*TASK MATERIAL*
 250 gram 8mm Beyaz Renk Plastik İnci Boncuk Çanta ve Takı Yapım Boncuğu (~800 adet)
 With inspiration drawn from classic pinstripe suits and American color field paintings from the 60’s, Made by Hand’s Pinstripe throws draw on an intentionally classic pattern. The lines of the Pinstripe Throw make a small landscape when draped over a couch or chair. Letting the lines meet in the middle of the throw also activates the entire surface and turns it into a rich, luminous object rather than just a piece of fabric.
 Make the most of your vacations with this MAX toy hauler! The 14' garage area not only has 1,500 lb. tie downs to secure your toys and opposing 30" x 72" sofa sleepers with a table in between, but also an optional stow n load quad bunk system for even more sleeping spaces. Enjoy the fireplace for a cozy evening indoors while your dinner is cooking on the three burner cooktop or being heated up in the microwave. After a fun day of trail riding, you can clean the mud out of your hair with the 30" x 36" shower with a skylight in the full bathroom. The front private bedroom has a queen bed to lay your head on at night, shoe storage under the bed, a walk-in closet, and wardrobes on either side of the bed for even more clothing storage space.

==

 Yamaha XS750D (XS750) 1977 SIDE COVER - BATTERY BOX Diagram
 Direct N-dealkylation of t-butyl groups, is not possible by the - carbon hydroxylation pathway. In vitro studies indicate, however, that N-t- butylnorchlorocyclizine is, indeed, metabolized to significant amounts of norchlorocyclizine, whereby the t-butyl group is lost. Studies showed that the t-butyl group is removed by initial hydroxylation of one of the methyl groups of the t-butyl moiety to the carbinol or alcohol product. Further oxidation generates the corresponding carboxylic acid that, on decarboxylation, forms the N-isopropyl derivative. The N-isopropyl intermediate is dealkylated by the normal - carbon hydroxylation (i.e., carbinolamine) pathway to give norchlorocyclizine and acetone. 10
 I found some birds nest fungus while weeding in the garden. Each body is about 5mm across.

* * *

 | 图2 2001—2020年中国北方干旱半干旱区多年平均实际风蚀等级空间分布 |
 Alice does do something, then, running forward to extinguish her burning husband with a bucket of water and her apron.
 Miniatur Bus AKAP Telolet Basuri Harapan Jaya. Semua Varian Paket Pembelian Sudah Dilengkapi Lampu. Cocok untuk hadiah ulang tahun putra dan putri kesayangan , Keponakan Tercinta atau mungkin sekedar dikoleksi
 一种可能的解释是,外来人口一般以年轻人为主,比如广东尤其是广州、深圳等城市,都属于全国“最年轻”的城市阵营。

*WHAT THIS TASK INVOLVES*
Restate word for word the entries above from the line with "图2 2001—2020年中国北方干旱半干旱区多年平均实际风蚀等级空间分布 |" through the line with "一种可能的解释是,外来人口一", inclusive, leaving out everything else.

*FINISHED TASK*
 | 图2 2001—2020年中国北方干旱半干旱区多年平均实际风蚀等级空间分布 |
 Alice does do something, then, running forward to extinguish her burning husband with a bucket of water and her apron.
 Miniatur Bus AKAP Telolet Basuri Harapan Jaya. Semua Varian Paket Pembelian Sudah Dilengkapi Lampu. Cocok untuk hadiah ulang tahun putra dan putri kesayangan , Keponakan Tercinta atau mungkin sekedar dikoleksi
 一种可能的解释是,外来人口一般以年轻人为主,比如广东尤其是广州、深圳等城市,都属于全国“最年轻”的城市阵营。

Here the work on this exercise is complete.